5/1/2015 further reflection:
I am so pleased that every time I have a chance to interact
with these students (totaling 6-7+ weeks over 8 months, of often at least 5-9
hours each day) they show that they are progressing and able to apply concepts
they have learned in the past. Instructor
works more as a facilitator/observer, asking engaging questions that force
students to think through what they are trying to accomplish. Additionally, instructor engages in 1 on 1
conversation to constantly sharpen student’s system knowledge.
Acting as a ‘Coach,’
the instructor (me,) works to keep pushing each student so that they grow in
confidence of what they are doing and on how to make quick decisions. Students are growing in their deep
understanding of concepts they have learned and are getting used to the
constant drilling by their ‘Coach’ to provide answers to questions on a variety
of topics.
5/8/2015 further
reflection:
Instructor knows that he is hard on students, and that a ‘coaching’

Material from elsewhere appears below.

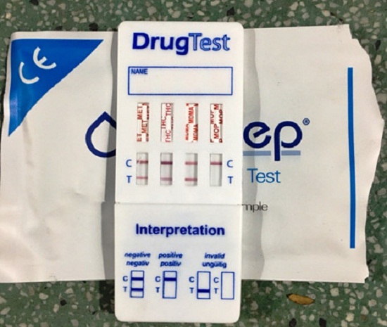 Que thử nước tiểu cho thấy hai vạch là bình thường, 1 vạch là dương tính với ma túy. Ảnh: Thanh Niên |
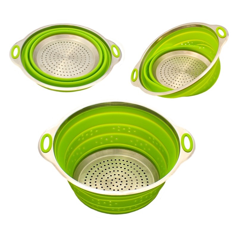 • New space saving design. These colanders are generously sized and yet folds flat to no less than an inch high. Easy to store in tight cupboards and limited space.

approach may be too unconventional for use with some students but thus far it
seems to be working quite well. Students
appear happy to be challenged on material.
In general they appear to look forward to ‘what is going to be thrown at
them’. Coach and student relationship
has been successful because there is an understood respect for one-another, and
a pseudo-peer-expert view of one another.
Students and coach will take on challenges together, as they talk
through why they are doing what they doing with the software, experimentation,
trouble-shooting, etc. Student defers to
Coach on deeper system aspects; such as details, software interaction matters,
and system specification matters.
I have been working on allowing or forcing more breaks for
the students when working on the system.
I realize that a ‘coaching’ perspective with the drilling of many
questions and inquiries of them can be very tiring (rewarding for them, but
exhausting as well). So I have begun
leaving them for long periods (~20+ minutes) and/or talking to them about the
system away from the software… with hopes that this will enable them to feel
confidence in what they are working, and that they know what they are doing,
while having a Coach/SME that is around and available if needed.